* _Source data_:

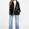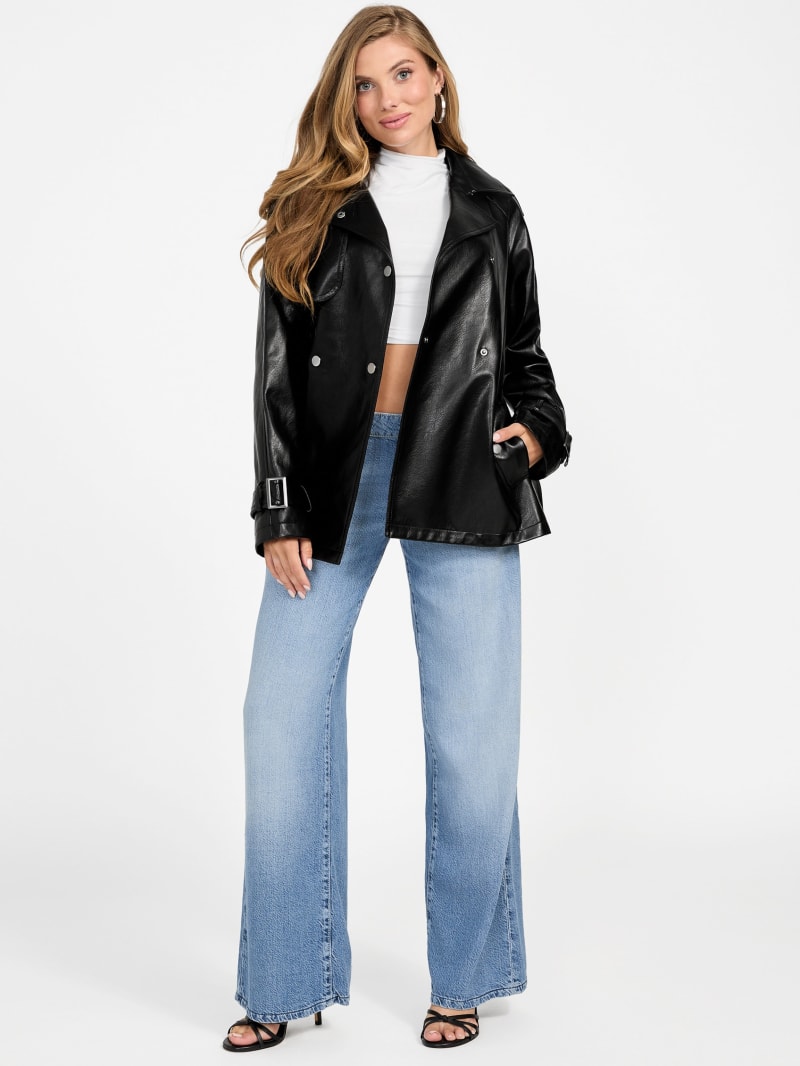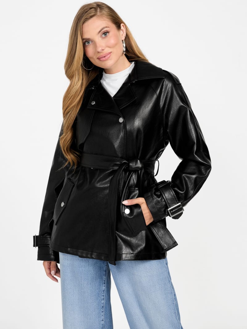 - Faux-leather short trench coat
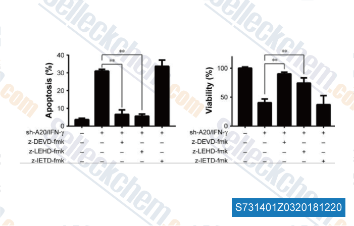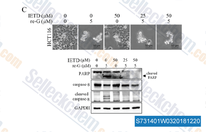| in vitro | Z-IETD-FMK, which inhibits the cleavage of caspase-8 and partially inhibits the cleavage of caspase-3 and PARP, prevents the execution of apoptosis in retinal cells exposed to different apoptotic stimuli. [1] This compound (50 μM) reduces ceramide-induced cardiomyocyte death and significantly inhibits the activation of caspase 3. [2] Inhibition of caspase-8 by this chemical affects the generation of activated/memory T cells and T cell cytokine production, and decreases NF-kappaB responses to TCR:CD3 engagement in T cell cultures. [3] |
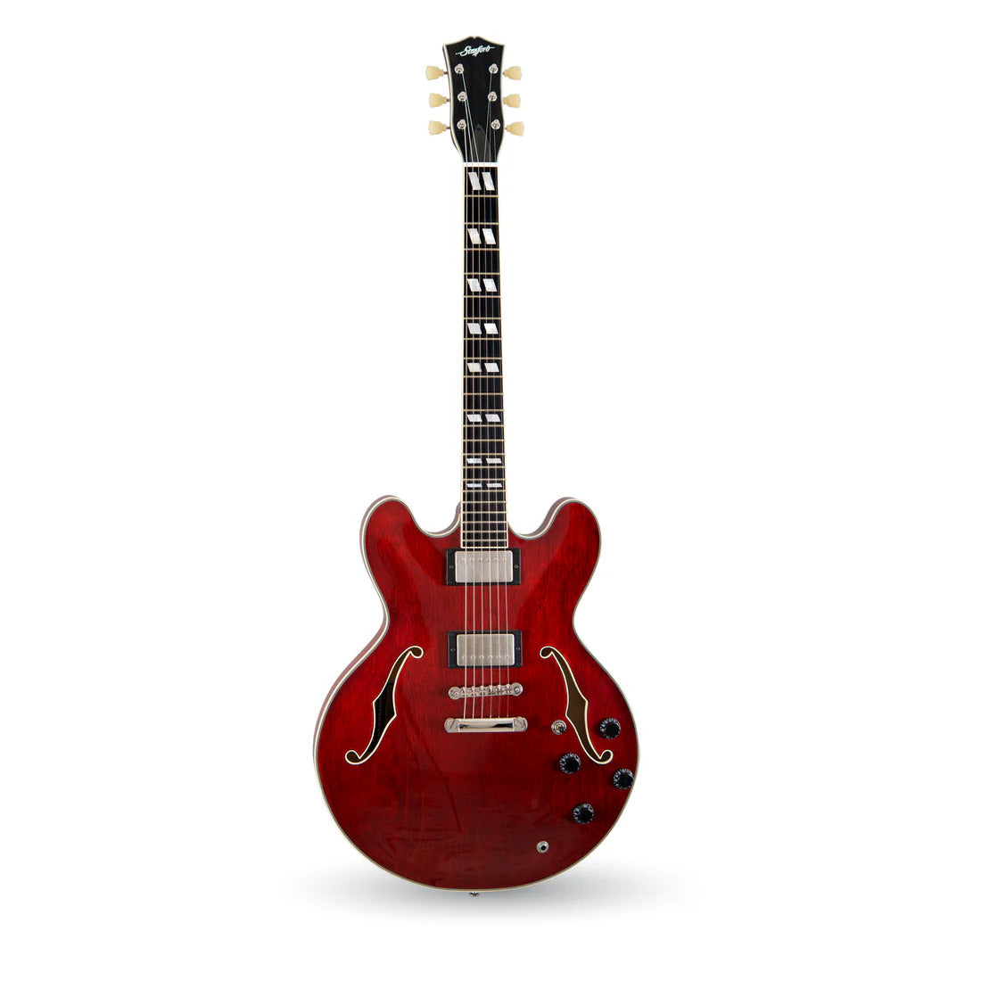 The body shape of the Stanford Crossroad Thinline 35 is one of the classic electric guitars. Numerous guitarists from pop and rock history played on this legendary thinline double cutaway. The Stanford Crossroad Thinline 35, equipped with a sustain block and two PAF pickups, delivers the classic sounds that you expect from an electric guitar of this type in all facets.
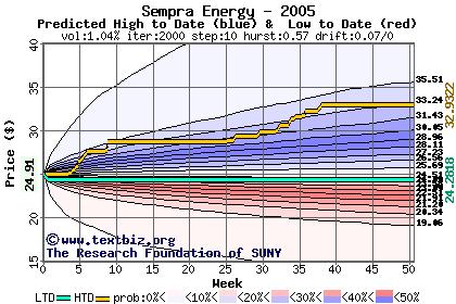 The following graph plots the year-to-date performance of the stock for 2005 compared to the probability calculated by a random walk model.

* _What this task involves_: Where a picture appears, omit it, and otherwise retype the material exactly.

* _Task output_:
 - Faux-leather short trench coat
| in vitro | Z-IETD-FMK, which inhibits the cleavage of caspase-8 and partially inhibits the cleavage of caspase-3 and PARP, prevents the execution of apoptosis in retinal cells exposed to different apoptotic stimuli. [1] This compound (50 μM) reduces ceramide-induced cardiomyocyte death and significantly inhibits the activation of caspase 3. [2] Inhibition of caspase-8 by this chemical affects the generation of activated/memory T cells and T cell cytokine production, and decreases NF-kappaB responses to TCR:CD3 engagement in T cell cultures. [3] |
 The body shape of the Stanford Crossroad Thinline 35 is one of the classic electric guitars. Numerous guitarists from pop and rock history played on this legendary thinline double cutaway. The Stanford Crossroad Thinline 35, equipped with a sustain block and two PAF pickups, delivers the classic sounds that you expect from an electric guitar of this type in all facets.
 The following graph plots the year-to-date performance of the stock for 2005 compared to the probability calculated by a random walk model.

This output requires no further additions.